Meet Madi! She is currently 6 years old and in the first grade. She has a very sassy personality and the most welcoming smile. She 100% loves for all the attention to be on her. Madi enjoys hanging out with her mom, playing with her Barbies, and watching Puppy Dog Pals. She finds bodily fluid sounds and her siblings getting into trouble hilarious.  

We welcomed Madi, our second child, into the world in early May 2017 after a picture-perfect pregnancy.  At Madi’s 24-hour newborn screening, she showed significant weakness in the left side of her body. She was referred to a local pediatric neurologist to address the weakness. In the 3 weeks we waited to see the neurologist, we noticed some involuntary muscle movements she was experiencing. We reported said movements to the neurologist, and she sent us straight over to the children’s hospital for further evaluation and testing. After a week in our local children’s hospital and several scans, we were sent home without any answers.

Fast forward to Madi’s 1-month check-up, she was showing some signs of delay and our pediatrician referred us to physical therapy and occupational therapy. As time went on the delays became more obvious. She was unable to hold her head up, roll over, laugh, or babble…they were all absent. Around 5 months of age, Madi began to struggle during feeding times. She wasn’t able to finish a feeding without vomiting and/or crying constantly for hours. By 7 months of age, she had lost her ability to suck and swallow during feeding times. She was admitted to our local children’s hospital and diagnosed with failure to thrive. Madi was discharged home with a feeding tube and pain medication to keep her comfortable.

During that stay at the children’s hospital, we also met with a neurologist and geneticist who were determined to find out the cause of her delays and setbacks. Test after test, appointment after appointment, my husband and I felt very defeated and were ready to give up because everything was coming back “normal”. We partook in one last test in which we submitted DNA samples from all 4 of us (mom, dad, sister, and Madi). Within 6 weeks, we had a diagnosis of GRIN1.

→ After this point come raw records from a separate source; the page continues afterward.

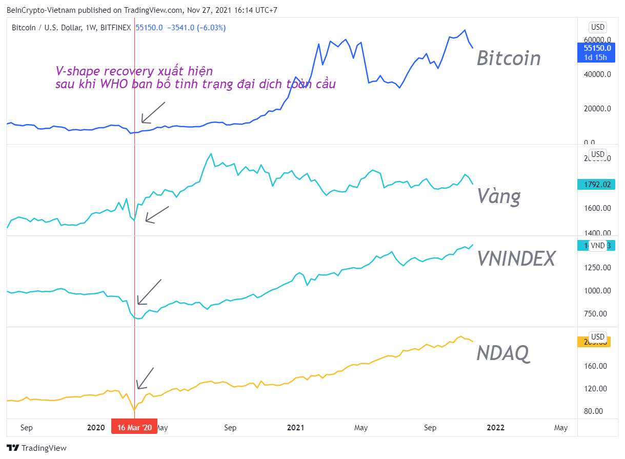 Việc các thị trường thể hiện sự tương quan chặt chẽ trước một tin tức thế này đã từng xuất hiện vào hồi tháng 3/2020. Khi đó WHO lần đầu ban bố tình trạng đại dịch. Sự hoảng loạn và panic sell đã xảy ra khắp nơi, nhưng vài tuần sau đó toàn bộ thị trường bước vào cơn phục hồi và tăng trưởng lớn nhất từ trước đến nay.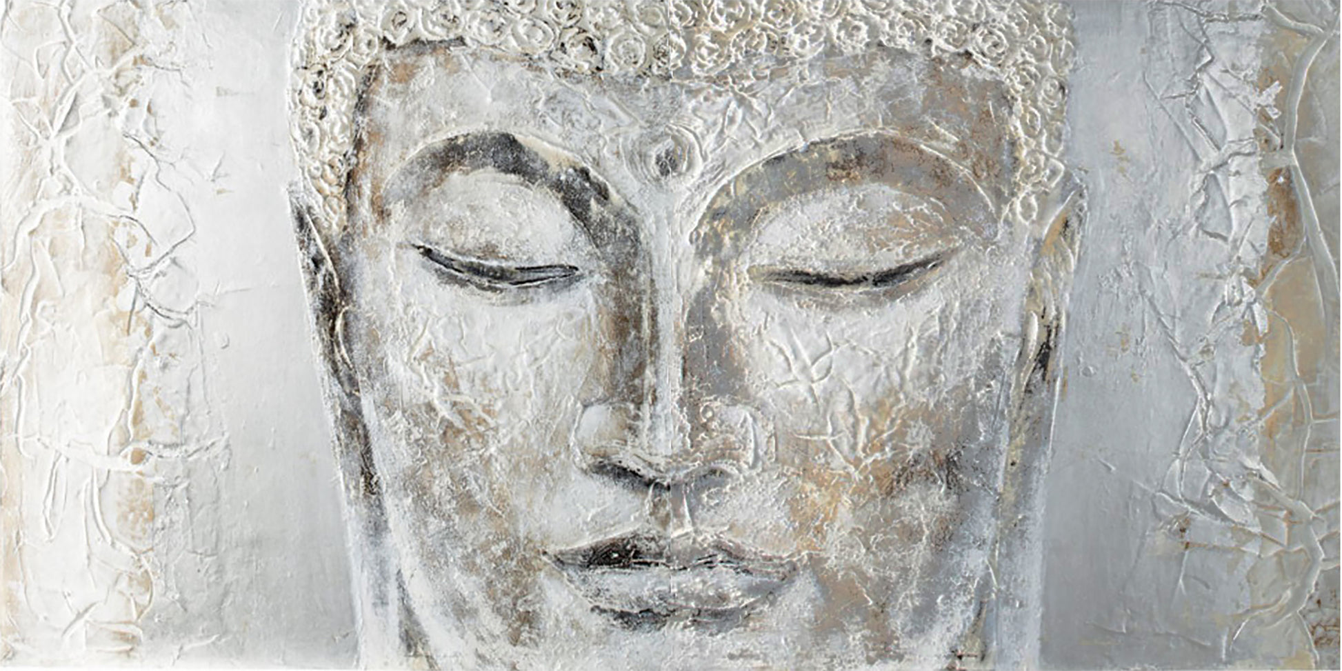 Hand Painted "White Buddha" Oil on Canvas Original, Canvas Wall Art for Living Room, Bedroom, Office, Bar - Wrapped Canvas Art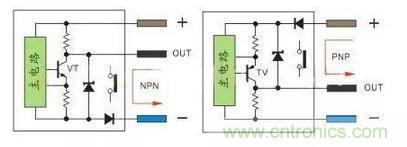 3、有源三線傳感器(電感接近開關(guān)、電容接近開關(guān)、霍爾接近開關(guān)、光電開關(guān)等)直流有源三制線接近開關(guān)與光電開關(guān)輸出管使用三極管輸出,因此傳感器分NPN和PNP輸出,有的產(chǎn)品是四線制,有雙NPN或雙PNP,只是狀態(tài)剛好相反,也有NPN和PNP結(jié)合的四線輸出。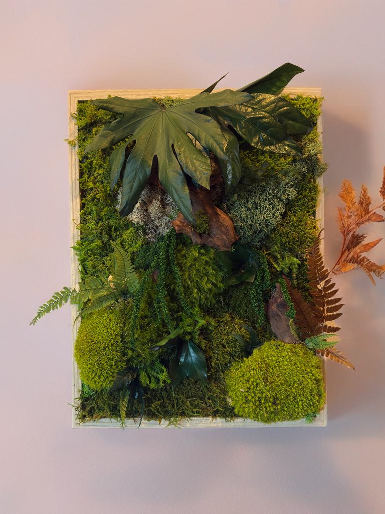 Apportez une touche de nature et d’élégance à votre intérieur avec ce cadre végétal artisanal en mousse stabilisée.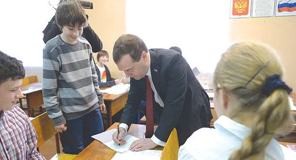 رئيس الوزراء الروسي ديمتري ميدفيديف لدى لقائه طلاب مدرسة في سيمفروبول عاصمة القرم أمس (أ.ف.ب)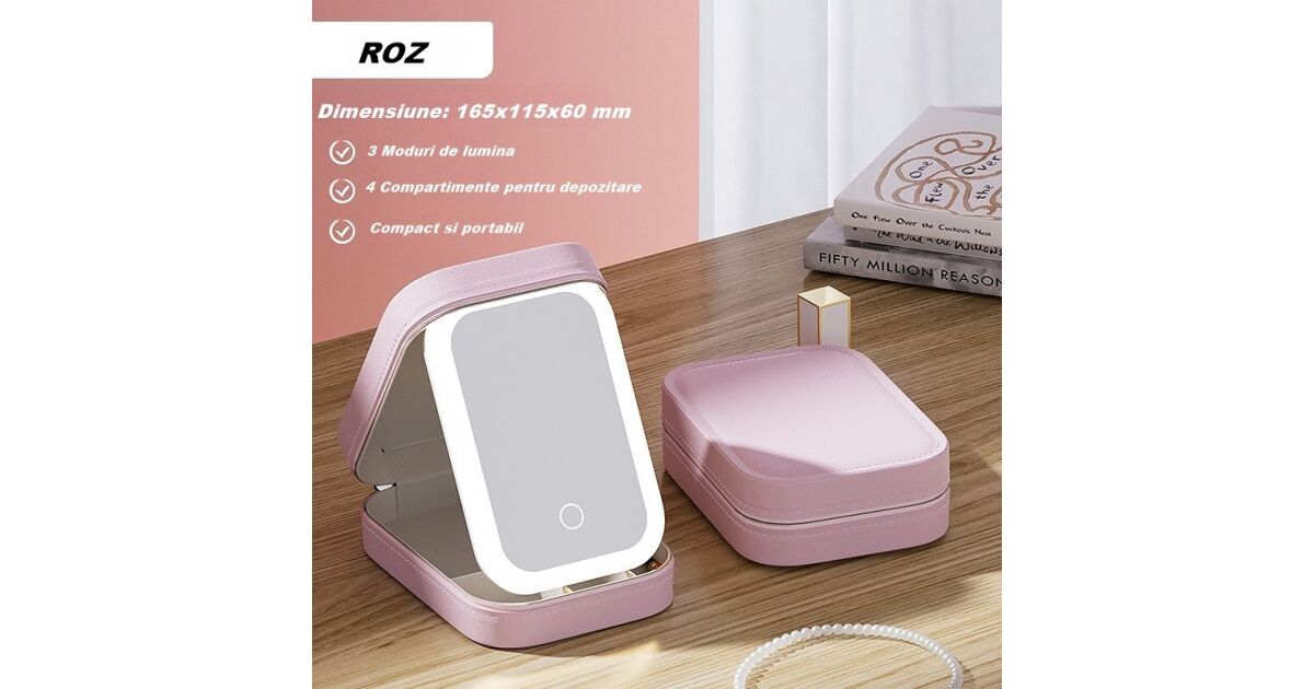 Pénztárca, KeepHome, Kozmetikai táska, LED tükörrel, 3 világítási mód, USB töltés, 1200 mAh akkumulátor, kozmetikumok rendszerezéséhez, 4 rekeszes, műbőr, rózsaszín, 16,5x11,5x6 cm leírása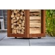 Quarubox maakt het makkelijk om hout voor je buitenhaard op te slaan en kan ook dienen als bijzettafel. Quarubox is gemakkelijk te verplaatsen dankzij de stevige wielen.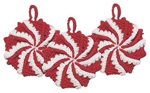 Now Designs Spiral Tawashi Dishcloths, Set of Three, Peppermint Red and White
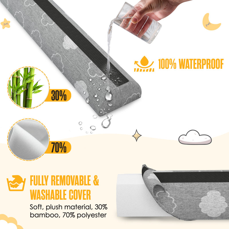 100% waterproof cover-The removable and machine washable bed bumper cover is 100% waterproof, making it easy to clean and keep your child’s sleeping environment clean and healthy. Our bumpers work well in toddler, twin, full, queen, & king beds!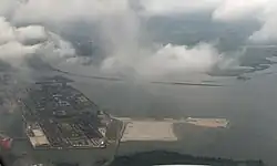 Het nog onbebouwde Centrumeiland, grenzend aan het Haveneiland aan de linkerzijde en verbonden met het vasteland via de Benno Premselabrug op de voorgrond (juli 2015)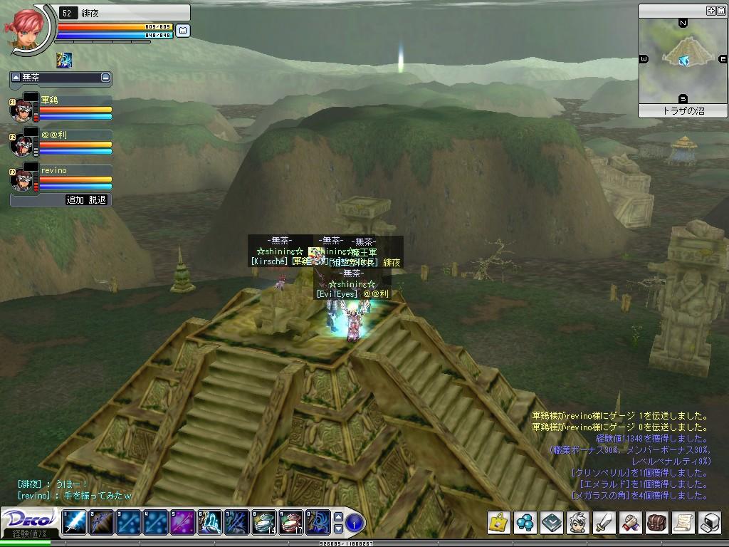 石稼ぎ Deco Online 2006年06月03日 インしたら速攻で澪姫さんに拉致られたw沼に行って石稼ぎ。でもすぐに澪さんはPT抜けていかれました。ちょと残念(TwT。)今日はあの強敵63のでかモンスにチャレンジ!メンバーは軍鶏さん、revinoさん、@@利さんのshining組。考えてみたら全部の職がそろってたんだw@@利さんがタゲ収集、軍鶏さんがゲージため、revinoさんがスキル、で、私がヒール。とまあ見事に役割分担をこなして難なくクリア♪♪…なわけはなく。なぜか軍鶏さんにタゲがうつり、クリ一撃で即死。あとに残されたメンバで必死の攻撃、私もゲージためにまわりました。結構な時間がかかってやっと全滅。いやぁー、制覇した後の頂上は気持ちがいい!思わずさけんでしまいましたwむこうのほうで光っているのが沼の入り口です。この後は皆でハリセン・魚・指差し棒w楽しかった^^このターンを2回ほど繰り返して今日のPTは終了。軍鶏さん、revinoさん、@@利さん、澪姫さん、PTありがとうございました!ハクに帰ってきたらわるねこの方に話しかけられました!このブログを見てくださっているとのこと。僻地な場所を訪れてくださっていて、本当に感謝です。うれしくてつい長々とお話していたら、続々わるねこの方たちが集合されまして。いっきにその場の平均レベルが上昇しました。すごいなぁ。70とか夢だわぁ。いつも遠目でかっこいいなぁと思っていた方々とお話できて、とても楽しい時間でした。わるねこのみなさん、お話ありがとうございました!その後櫻愁でギルメンのレベル引き上げ。と思いきや、インされていたリョウガさんを拉致して伐採に。櫻愁のレベルは当然足らず、結局私も引き上げてもらう側に・゚・(ノД`;)・゚・おかげでレベルが上がりました。リョウガさん、影守さん、PTありがとうございましたー!その間にポイント散在。櫻愁です。黒髪・蒼目にしてみました。あーぁ、なんてこったいw以下、おへんじです~ つづきはこちら [0回]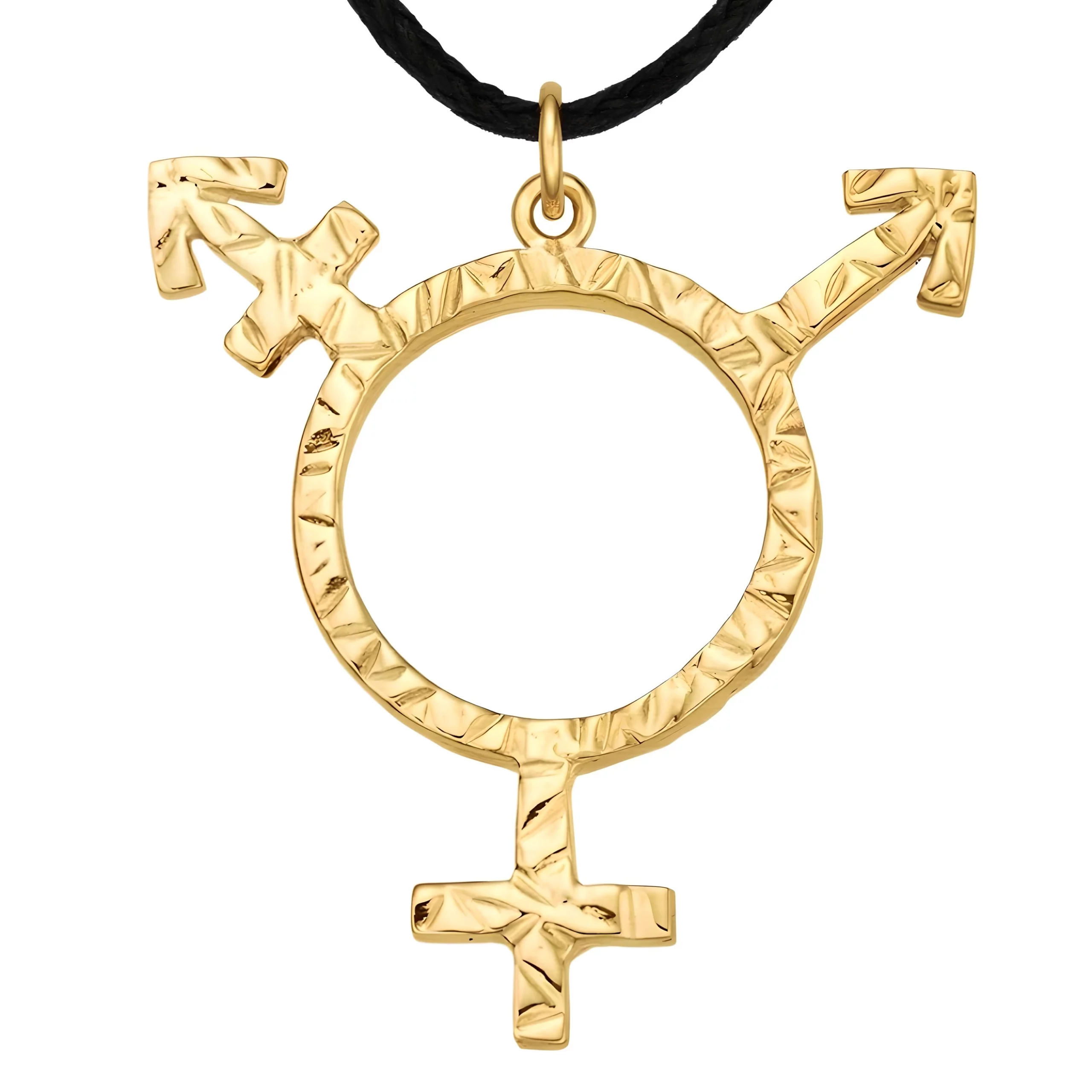 -) Striking LGBTQ+ Transgender 925 STERLING SILVER pendant – 1.5 x 1.26 inch / 38×32 mm (+0.26 inch ring / +5 mm ring), 3g / 0.106 oz GOLD PLATED STERLING SILVER. LARGE-SIZED pendant, ideal as an eye-catcher. Also available as a smaller pendant with spring ring clasp.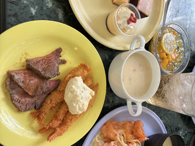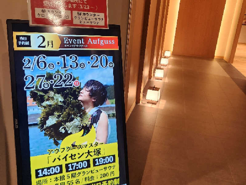 3セットこなしてから、「スパ+」エリアへ。夢の国が一望出来るスタジアムサウナは圧巻の広さ。ストーンも天井まで鎮座してました。スマホ持ち込みOKで誰もいなかったので動画保存。17時〜のアウフイベントは「バイセン大塚&なーぎー」師弟のアウフバトルに参加!最後にスチームサウナを楽しんで大満喫で終了。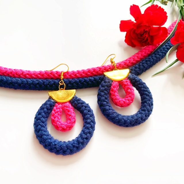 These earrings are so special as I made them from all the ropes leftover that I have from my other designs. So you are superstar as you will be supporting no-waste culture by buying this stunning pair. Duo is a must have! Full of fun and colourful.

That was it, just a diagnosis and “She will never walk or talk.” No other information, no resources, and no clue what to do next besides therapy. I cried so much not knowing what life was about to be like for her. With very little help from Google and a support group on Social Media, I finally felt a little less alone. Honestly, all we could do at that point was take things day by day and be on the lookout for common symptoms that our fellow GRIN parents were seeing. At this time, Madi only had developmental delay and feeding difficulties.  

Fast forward to today (March 2024), Madi symptoms include severe developmental delay, feeding difficulties, dystonia, and severe epilepsy.